— Вот, Андрэ, прочтите. Это от нее.
Она указывала пальцем на фотографию, где улыбалось нежное и величественное лицо Ромэны Мирмо.
Андрэ де Клерси приподнялся, очень бледный.
— Письма от мадам Мирмо?
Берта кивнула головой, потом добавила:
— Она мне пишет почти каждый день. Ей тоже тяжело.
Она старалась уловить выражение глаз Андрэ. Блеснет ли в них мстительная радость? Андрэ стоял с опущенной головой.
Берта де Вранкур заметила только, что руки у него дрожат.
На маленький сад улицы Тур-де-Дам спускались сумерки. Стояли первые дни ноября. Мертвые листья усеяли воду бассейна, вокруг которого прохаживался месье Клаврэ. Для него этот бассейн не был жалким и наивным украшением парижского садика, то было магическое зеркало, в котором он созерцал самое отдаленное свое прошлое. Самые давние воспоминания месье Клаврэ были связаны с этим клочком земли. Здесь живее, чем где-либо, перед месье Клаврэ вставала вся его жизнь; но сегодня он не возвращался мыслью к юношеским грезам, к мечтам о путешествиях и приключениях, которым когда-то так страстно предавался в этой тесной ограде, замыкавшей для него целый мир. Его удерживало здесь в сумеречный час не воспоминание о своей неудавшейся жизни, о своих несбывшихся надеждах, а другое, скорбное воспоминание, застилавшее его глаза слезами.
Месье Клаврэ прервал свою меланхолическую прогулку. Со стесненным сердцем он глядел на потемневший бассейн, и не себя он видел возле этой серой воды. Мальчика, стоявшего у края водоема, звали Пьером де Клерси. Ведь разве не у этого самого бассейна сообщил он когда-то Пьеру о смерти матери? Да. Здесь, на этом самом месте, Пьер впервые узнал, что значит умереть. Умереть! Какой эта мысль должна была ему тогда казаться далекой, туманной, невероятной! А между тем до чего он должен был, впоследствии, вдуматься в эту мысль о смерти, слить ее со своими размышлениями, свыкнуться с нею, усвоить ее, чтобы добровольно обрести в ней нерушимое убежище, преждевременное успокоение юным мукам своего сердца!
И думая о трагическом событии, так неожиданно разбившем эту жизнь, месье Клаврэ снова испытывал то же горестное изумление, ту же недоуменную подавленность.

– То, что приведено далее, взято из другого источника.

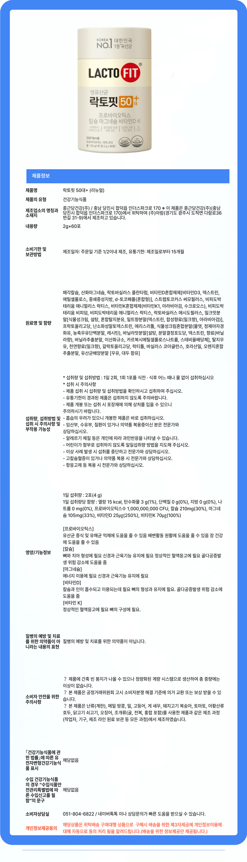 종근당 유산균 락토핏 50대+ 2통(2개월분)
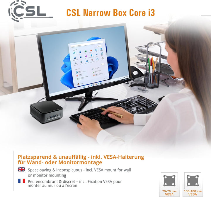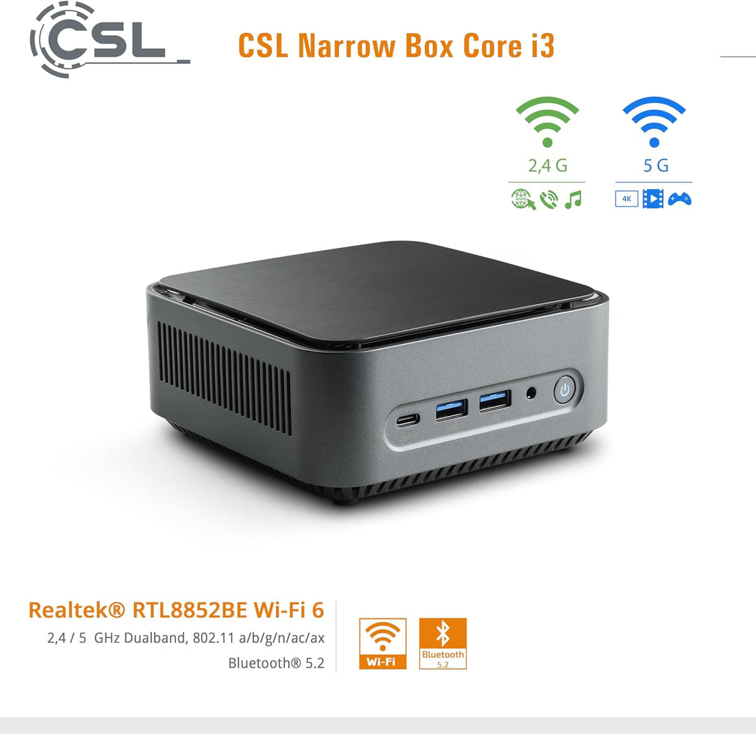 - Wir präsentieren Ihnen die CSL Narrow Box Core i3 – einen ultrakompakten Mini-PC mit beeindruckender Leistung für Office, Multimedia und 4K-Entertainment!

Кто бы мог предположить, что Пьер де Клерси так оборвет свои дни? Он, такой открытый, такой деятельный, который к столькому стремился, который не боялся жизни, а, напротив, жаждал жить, расточать энергию! Как он пришел к тому, чтобы эту энергию обратить против себя же, направить ее на свое же разрушение? Правда, месье Клаврэ иногда страшили в Пьере тот дух предприимчивости, та воля к действию, которые он в нем замечал; иногда он боялся за него, боялся той привлекательной силы опасности, соблазнов риска, но он никогда бы не подумал, чтобы простая любовная неудача могла толкнуть этого мальчика на тот роковой жест, которым он укрылся от первого окрика действительности. Нет, положительно, людей не поймешь, и судьба каждого полна загадок.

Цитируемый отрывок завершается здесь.